Understanding the molecular phenotype of astrocytoma progression

Roshan Lodha 08 February, 2022

Exploratory Data Analysis

Explanation of your data set

The brain cancer GSE dataset is derived from the paper “Expression data from human brain tumors and human normal brain” by Griesinger et. al. The data was pre-processed to convert the raw expression read data into gene set enrichment (GSE) data using command-line tools to be used for downstream bioinformatics applications. After processing, the data was made available on Kaggle. Each row of the dataset corresponds to a single sample, or a single brain tumor specimen, and its RNA-expression data. Each column corresponds to a specific transcript, that maps to a region of the genome. For example, the first transcript, 1007_s_at, maps to the gene Discoidin Domain Receptor Tyrosine Kinase 1 (DDR1). The transcripts code refers to the gene’s Affymetrix Probe ID, with Affymetrix being the company conducting the sequencing. The overall dimensions of the dataset include 130 specimen, each with expression data for 54,613 genes. Each expression value, and hence each cell, is numeric, with the exception of the “type” column, which denotes the type of astrocytoma. Astrocytoma is an aggresive cancer that originates in the astrocytes in the brain, and is generally graded on a scale of 0 to 4, with 0 being control (no astrocytoma). Thus each sample is one of 5 types. These assignments were made using histology of the biopsied tissue.

Data Cleaning

As aforementioned, the nature of the data mitigated the need for extensive data cleaning. However, AFFY control and background control probes needed to be removed, as they were used to determine the quality and depth of the sequencing and would artificially skew the data as they would be detected equally in each subtype of brain cancer.

Data Vizualizations

Variable Correlations

As the underlying question sought to distinguish cancer type via gene expression data, the gene expression across the 5 types were first averaged before PCA was done to reduce dimensionality. Interestingly, the model found that the 5th principal component was a linear combination of the first 4 (contributed to no variance), indicating that there may only be 3 distinct subtypes of astrocytoma and one normal based on this data. Data was not scaled to preserve within-sample relative distributions but was centered.

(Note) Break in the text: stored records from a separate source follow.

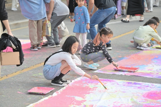 도로에 자유롭게 그림을 그리는 드로잉존, 버려진 물건을 재탄생시키는 업사이클링존, 아이와 어른이 함께 골프를 즐기는 액티비티존은 도로 위를 동심으로 가득 채웠다.
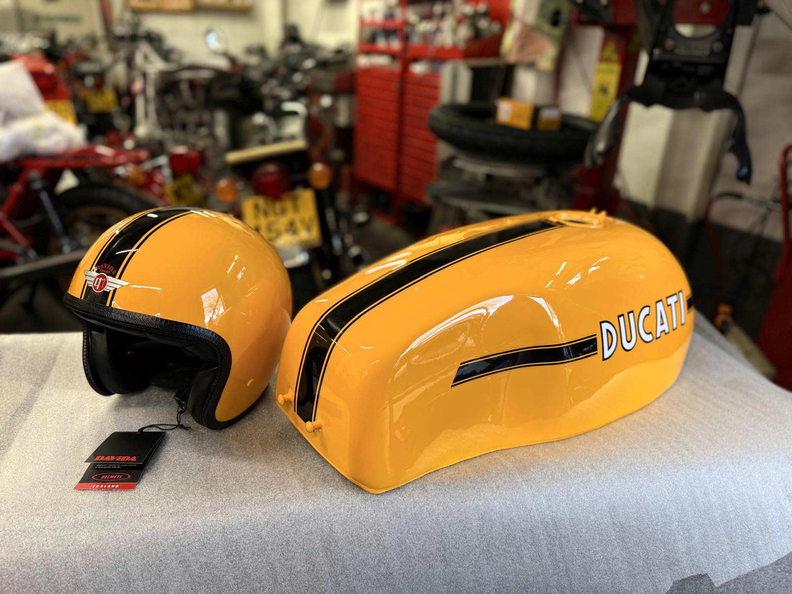 From subtle pinstriping to bold graphic layouts, every line is intentional. Finishes range from deep gloss to period-correct satin, depending on what suits the design (and the bike it’s paired with).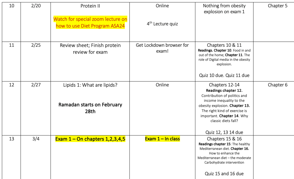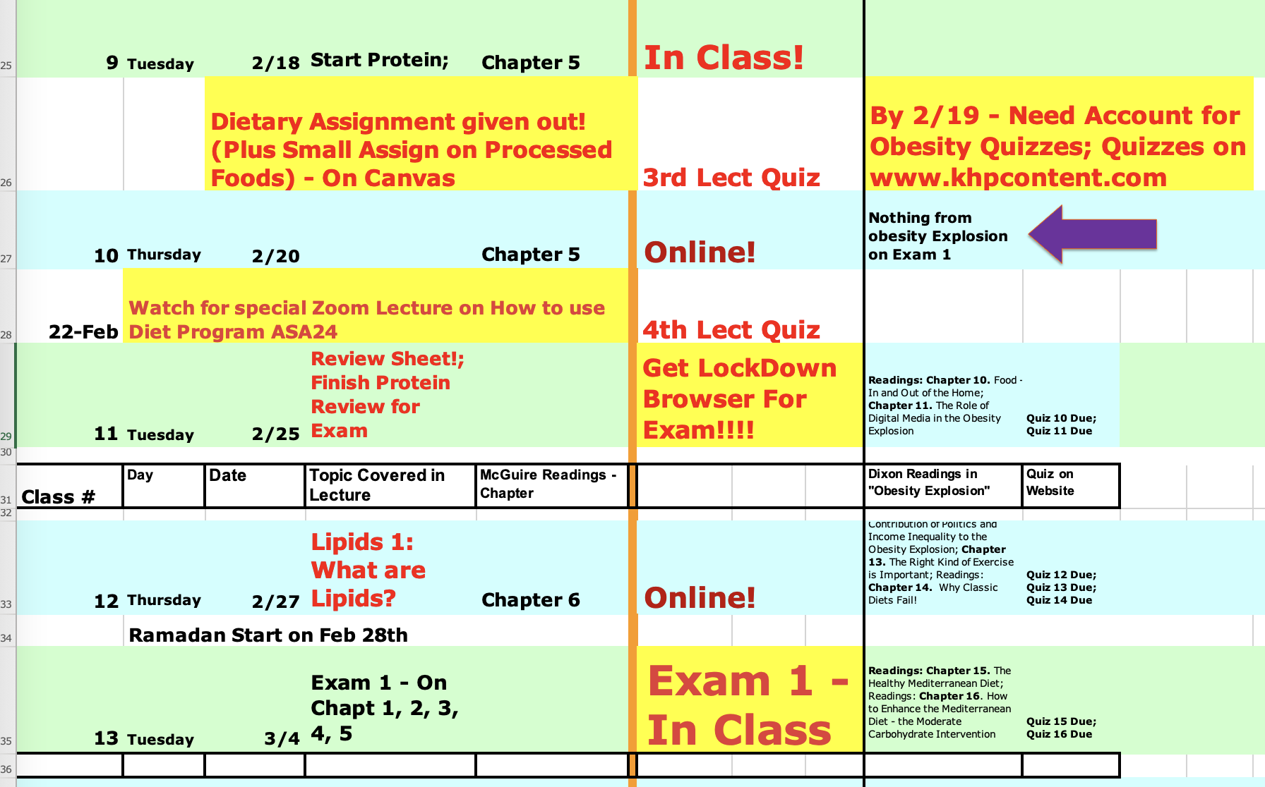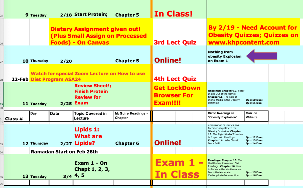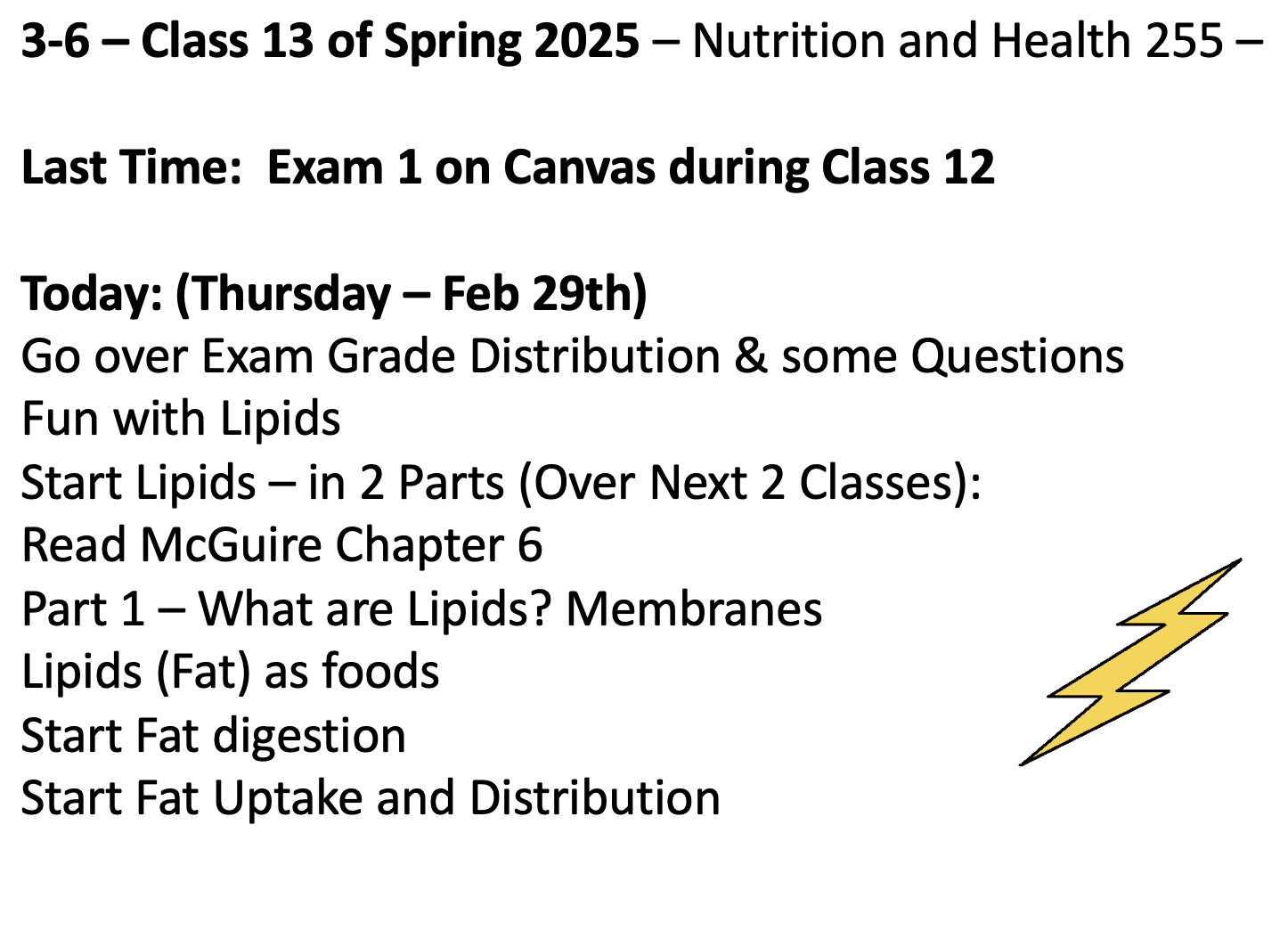 Class 12 – Nutrition and Health – Spring 2025 – February 27th – Chapter 5 in McGuire – Protein & Review for Exam 1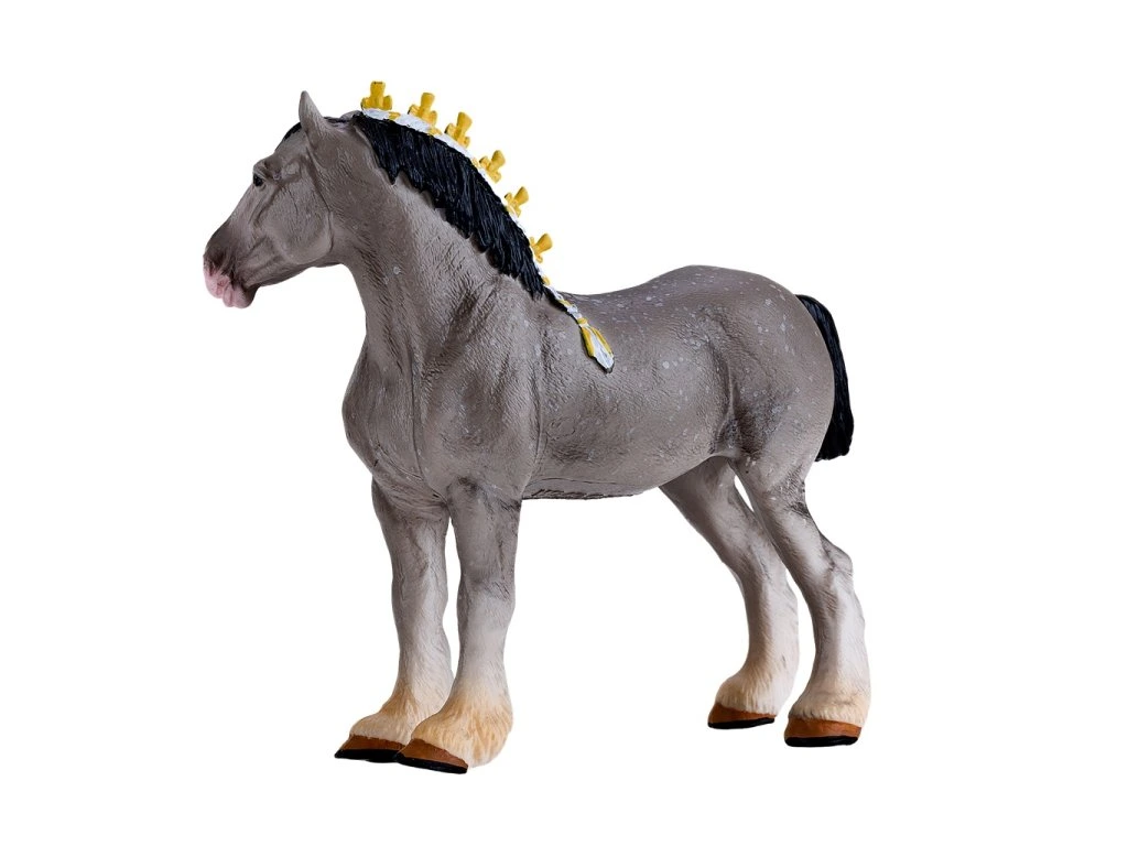 Shirští koně mezi chladnokrevníky, kteří mají velice klidný a vyrovnaný temperament, ale ve vypjatých situacích mohou být tvrdohlaví. Jsou vysocí v kohoutku 172 cm a více a váží až 1200 kg. Tato figurka zvířete napomáhá dětem poznávat skutečné vlastnosti, vzhled a charakter žijící předlohy. Hodnověrností a kvalitou zpracování snadno zaujme rovněž sběratele. Vyrábí se v nejvyšší kvalitě z PVC bez ftalátů a je ručně malovaná tak, aby každý detail odpovídal originálu. Podléhá přísnému testování v souladu s mezinárodními standardy. Je balena a dodávána v průhledném plastovém sáčku. Hlavní vlastnosti: ručně malovaná figurkavěrohodné detaily i zbarvenívyrobeno z PVC bez ftalátůopatřeno licencí respektovaných dokumentaristůnavrženo ve spolupráci s komunitou sběratelůextra velká velikostDoplňkové parametry

Following PCA, the top 5 contributing genes to astrocytoma differentiation were assessed by looking at the first 5 entries of principal component 1. These 5 AFFY codes were cross-referenced on the internet to find the genes most important to progression of astrocytoma.

The first gene, Gamma-Aminobutyric Acid Type A Receptor Subunit Gamma2 (GABRG2), is a receptor for a major neurotransmitter known as GABA, indicating that there are in fact neuronal changes driving astrocytoma progression (or vice versa). Of the other genes both Myelin Transcription Factor 1 Like (MYT1L) and Neurofilament light polypeptide (NEFL) are specific to the brain, further indicating that neuron-specific changes in astrocytoma.

Now, we can try clustering the data using various algorithms to see how seperable the data is.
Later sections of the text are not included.